Filipino clashes spread to jungles

Fighting between the Filipino military and Islamists in southern Philippines has spread to the jungles of Jojo island.

Filipino clashes spread to jungles

Fighting between the Filipino military and Islamists in southern Philippines has spread to the jungles of Jojo island, threatening local support for a government campaign to combat the Islamists.

Army commandos, 950km south of Manila, pursued members of the Moro National Liberation Front (MNLF) into the jungles after three days of fighting.

Lieutenant-Colonel Bartolome Bacarro said: "Our troops were now pursuing a separate group of MNLF rebels in another part of the island."

Seventeen Islamist fighters, three soldiers and one civilian have been killed since the MNLF fired mortars at government forces on Friday night.

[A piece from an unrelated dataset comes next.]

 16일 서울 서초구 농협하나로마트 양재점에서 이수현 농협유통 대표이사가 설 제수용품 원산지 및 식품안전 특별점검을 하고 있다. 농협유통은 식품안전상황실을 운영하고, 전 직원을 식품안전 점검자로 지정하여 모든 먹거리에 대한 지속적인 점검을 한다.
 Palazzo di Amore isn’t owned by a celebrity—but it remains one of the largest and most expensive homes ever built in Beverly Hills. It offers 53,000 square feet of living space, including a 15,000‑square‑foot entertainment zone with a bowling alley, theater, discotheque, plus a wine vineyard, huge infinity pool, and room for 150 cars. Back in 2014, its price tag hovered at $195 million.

The MNLF attack triggered retaliation by the military, which bombed the MNLF base.

Almost 8,500 families have fled the fighting and thousands have crammed into schools and gymnasiums in central Jolo, relying on food rations from disaster agencies.

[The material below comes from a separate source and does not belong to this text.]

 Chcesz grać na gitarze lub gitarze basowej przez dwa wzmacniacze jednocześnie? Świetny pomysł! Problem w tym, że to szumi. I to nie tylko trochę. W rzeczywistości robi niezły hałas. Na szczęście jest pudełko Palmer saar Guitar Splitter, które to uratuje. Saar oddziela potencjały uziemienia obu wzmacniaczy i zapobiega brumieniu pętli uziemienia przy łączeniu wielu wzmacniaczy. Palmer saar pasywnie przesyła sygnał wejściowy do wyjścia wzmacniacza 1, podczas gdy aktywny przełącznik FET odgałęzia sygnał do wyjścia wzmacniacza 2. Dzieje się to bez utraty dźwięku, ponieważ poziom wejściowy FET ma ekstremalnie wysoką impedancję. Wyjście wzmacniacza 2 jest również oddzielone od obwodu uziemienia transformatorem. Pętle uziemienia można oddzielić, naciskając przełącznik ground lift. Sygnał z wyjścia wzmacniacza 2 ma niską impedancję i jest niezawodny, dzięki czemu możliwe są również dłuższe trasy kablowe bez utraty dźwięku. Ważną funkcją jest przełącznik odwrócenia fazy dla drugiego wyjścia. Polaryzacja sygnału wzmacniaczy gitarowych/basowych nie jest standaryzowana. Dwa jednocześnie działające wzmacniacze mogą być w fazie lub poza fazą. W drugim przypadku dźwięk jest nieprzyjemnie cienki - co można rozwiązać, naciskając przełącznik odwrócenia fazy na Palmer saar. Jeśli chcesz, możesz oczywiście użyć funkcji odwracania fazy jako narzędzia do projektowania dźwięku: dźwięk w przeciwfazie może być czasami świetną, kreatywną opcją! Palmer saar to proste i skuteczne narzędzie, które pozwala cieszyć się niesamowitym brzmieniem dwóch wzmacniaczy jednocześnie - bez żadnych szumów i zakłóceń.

Before MNLF movements and mass evacuations took place in Jolo, the island was becoming a more stable place after a long-running military campaign in which US advisers had backed the government to rid the island of Islamist fighters.

Parouk Hussin, MNLF foreign relations chairman, said: "I hope the two sides will come to their senses and stop this madness.

"This would definitely jeopardise all our efforts to restore peace on Jolo and put to waste the gains of the peace process."

Complications

The military's use of heavy bombs against the MNLF, which is seen as having more legitimacy than the Abu Sayyaf group, another separatist Islamist group based in the southern islands of the Philippines, may undermine local support.

Tom Green, executive director of Pacific Strategies & Assessments, said: "It's going to complicate things because the MNLF probably have more local contacts, more traction with the locals than Abu Sayyaf, who tend to be more thuggish.

"Going against the MNLF means that a broader spectrum of people is affected because of blood ties, fathers, sons, uncles, brothers. That is going to complicate things."

The Philippines has been trying to quell Muslim separatism for decades and signed a peace deal with the MNLF in 1996, which was seen as the solution to a conflict that has killed over 120,000 people in the southern islands.

However, the deal failed. The Organisation of the Islamic Conference (OIC), which brokered the deal, is trying to salvage the agreement.

The OIC has called a meeting with government officials and the MNLF in Saudi Arabia, scheduled for July.

Both sides have ignored OIC calls to end the clashes.